Dead Sea
The saltiest lake on Earth lets you float without trying.
The Dead Sea sits at the lowest point on Earth — roughly 430 meters below sea level — on the border between Jordan and Israel. It's a hypersaline lake so dense with minerals that the human body simply cannot sink in it. That peculiar physics, combined with millennia of history (Cleopatra reportedly imported its mud for her skin, and ancient trade routes crossed its shores), makes it one of the most remarkable natural phenomena on the planet. It is not metaphorically dead — almost nothing lives in its waters, which are nearly ten times saltier than the ocean.

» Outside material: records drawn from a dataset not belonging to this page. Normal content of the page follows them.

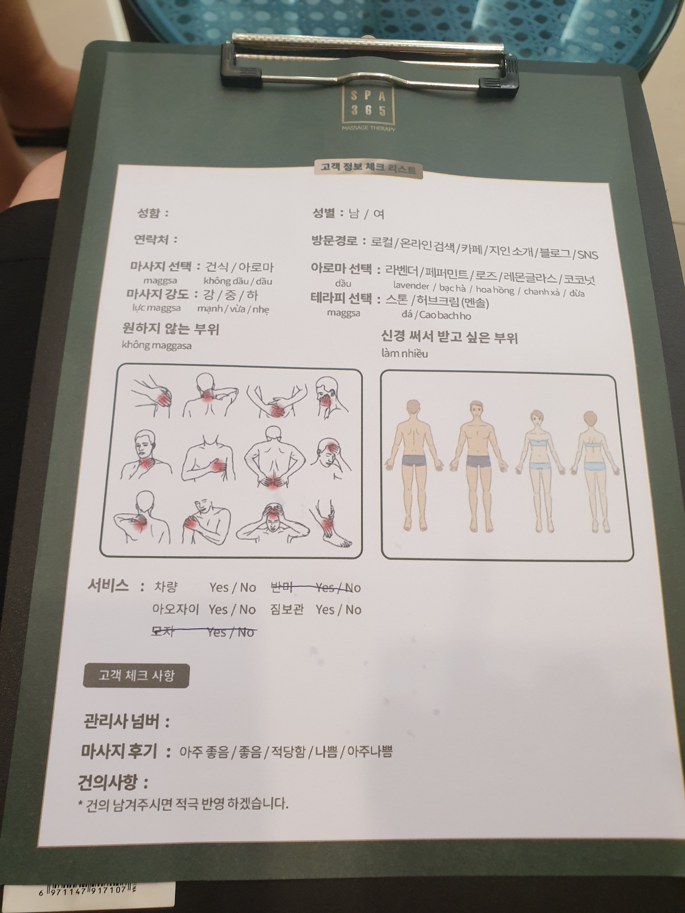 마지막으로 마사지가 어땠는지 작성하고 나면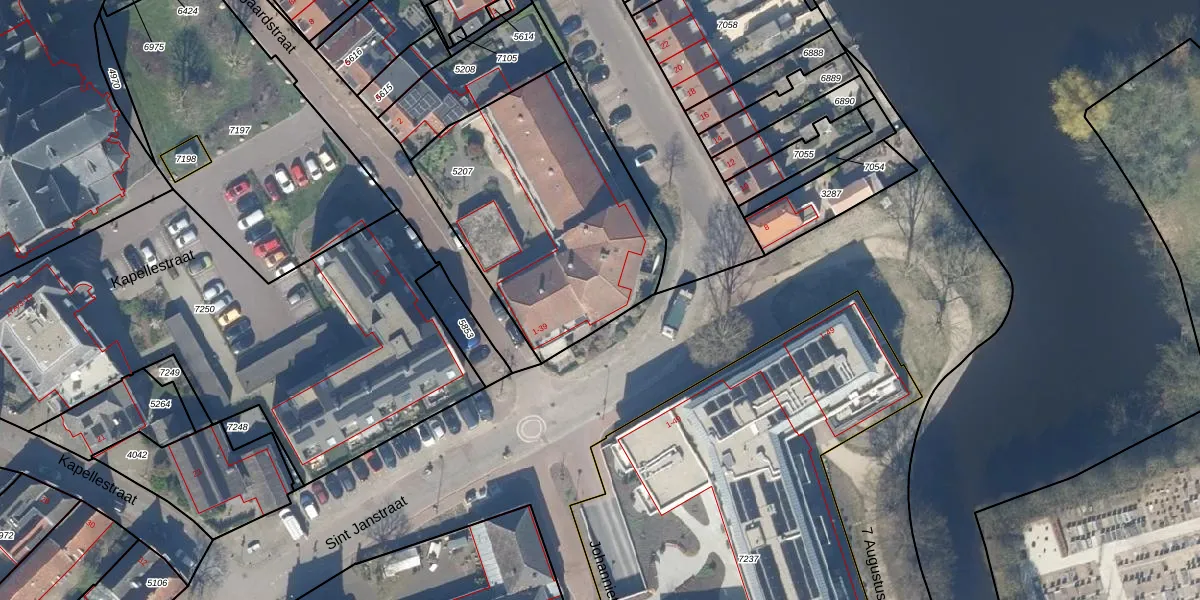 Sint Janstraat 7 is gelegen op kadastraal perceel ODW00B5207. Deze kadastrale aanduiding is uniek en wordt gebruikt door het Kadaster om eigendomsrechten en andere zakelijke rechten vast te leggen. Het perceel maakt onderdeel uit van de kadastrale gemeente Oudewater.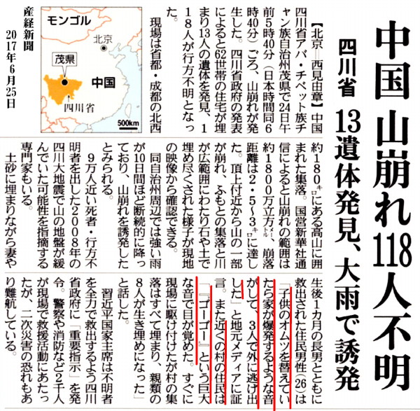 また、新聞報道では、四川大地震が起きたのとほぼ同じ地域にある茂県という場所で地震が起きました。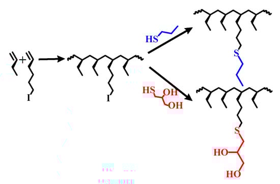 The polymers studied in this work were functionalized polybutene-1 with and without hydroxyl groups. All synthetic experiments involving air- and/or moisture-sensitive compounds were carried out in a MBraun glovebox, filled with nitrogen and using the standard Schlenk technique. The diemethyl (pyridylamido) hafnium pre-catalyst and the 6-iodo-1-hexene comonomers were synthesized according to [49,50]. The toluene used was purified by an Etelux solvent treatment system. Butene-1 gas and ultrahigh-purity nitrogen were obtained from Tianjin Liufang Industrial Gas Distribution Co., Ltd. (Tianjin, China). Triisobutylaluminum (Al(iBu)3, 1.1 mol/L in toluene), the tritytetrakis (pentauorophenyl) borate ([Ph3C] [B(C6F5)4]) cocatalyst, trimethylamine, 1-propanethiol, and monothioglycerol were purchased from J&K China Chemical, Ltd. (Beijing, China) and used without further purification. The synthetic routes of the butene-1/6-iodo-1-hexene copolymers and functional polybutene-1 are shown in Scheme 1.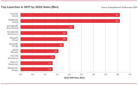 EvaluatePharma опубликовала прогнозный рейтинг наиболее ожидаемых новых препаратов, лонч которых состоится в 2017 году. Эти препараты принесут фармкомпаниям-производителям наибольшую выручку от реализации в течение ближайших 5 лет.
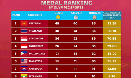 BXH Huy chương SEA Games 32 chỉ tính các môn thể thao Olympic.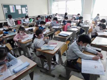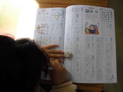 「分,方」の学習をしている様子です。漢字学習ノートに,丁寧に書きながら覚えます。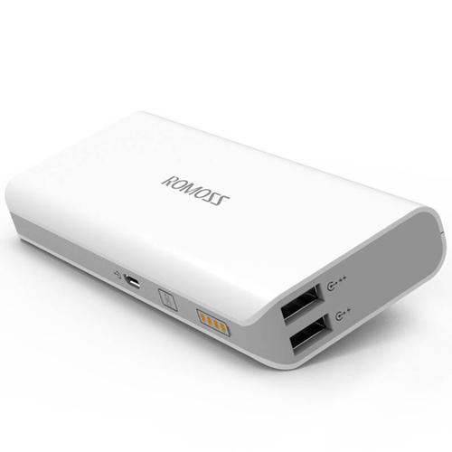 罗马仕sense 4移动电源外观简约时尚,体积比较适中,外出时携带很方便,内置电量充足持久,标称电芯容量为10400mAh,可以兼容各类智能手机、平板电脑等数码设备,续航能力持久,采用双USB输出接口,同时为两部设备充电更加节省时间,适合设备较多的用户使用。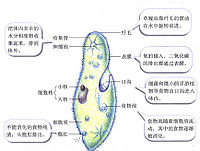 草履虫以细菌和有机碎屑为食,对不同种类的细菌有选食性。食物泡随细胞质流动而在泡内逐步消化,不能消化的残渣通过表膜上开口的胞肛排出体外。渗透压是靠前后两个伸缩泡交替伸缩、排出多余水分而调节的。在表膜下面整齐地埋藏许多刺丝泡。当草履虫受到强烈刺激(如化学药物、电、机械等)或敌害时,在 2 ~ 3 微秒内即可射出刺丝泡,变成一根长约 40 微米的细丝,前端有矛状小针,作为防御之用。草履虫靠体纤毛的摆动在水中游动,身体按纵轴的反时针方向旋转前进。遇障碍物或微弱刺激时 , 纤毛会朝相反方向击打 , 于是虫体改变游动路线以避开不利境地。身体中部有大、小核。无性生殖是简单的横分裂,有性生殖为接合生殖。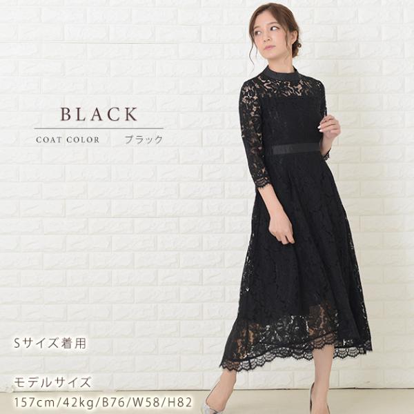 レース袖 膝丈 パーティードレス S-XL ブラック ワンピース 結婚式 披露宴 お呼ばれ 5分袖 コクーン 美ライン フォーマル 上品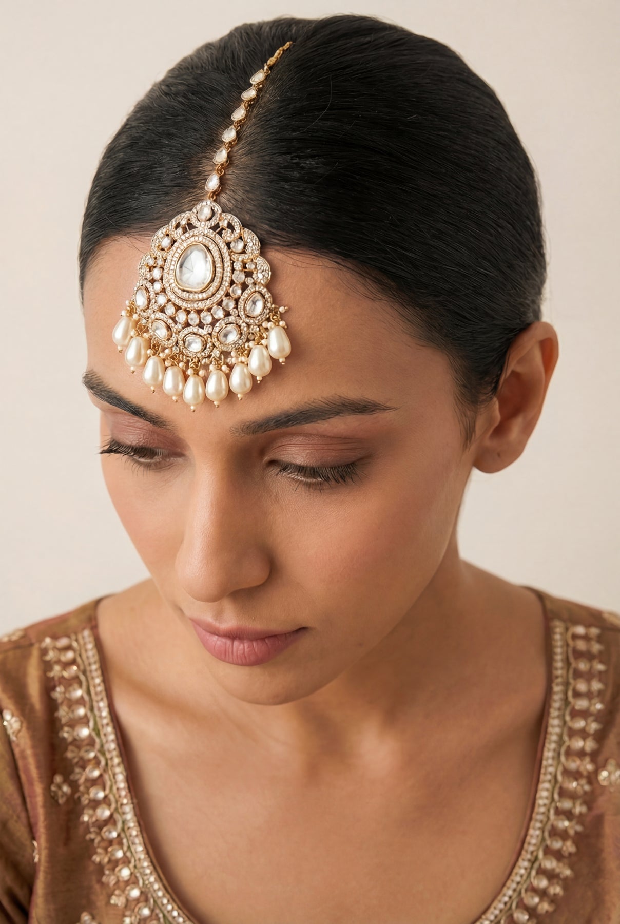 Elevating bridal elegance, this majestic maangtika features a grand teardrop centerpiece surrounded by dazzling kundan polki work. Finished with green bead droplets, it’s a regal statement piece perfect for traditional celebrations.

The experience is genuinely unlike anything else. You wade in slowly — the salt stings any cut you didn't know you had — and then, somewhere around waist depth, your legs swing up and you're lying flat on the water without any effort. Most visitors slather on the famous black mineral mud, let it dry in the sun, and rinse off before floating again. The water has a slightly oily, mineral-heavy feel. The landscape is stark and extraordinary: hazy mountains of the West Bank across the water, the Jordan Rift Valley stretching north and south, and an almost eerie quiet. On the Jordanian side, resorts like the Kempinski and the Movenpick have private beaches and spa facilities, but there are also public beach access points for those not staying overnight.
The Dead Sea is about an hour's drive west of Amman, making it a very manageable day trip. Don't stay in the water more than 20–30 minutes at a stretch — the salt is intensely drying and the sun at this elevation (or rather, this depth below sea level) is punishing. Keep your face out of the water entirely; getting that brine in your eyes is genuinely painful. Go in the morning if you're visiting in summer, and bring plenty of fresh water to rinse off.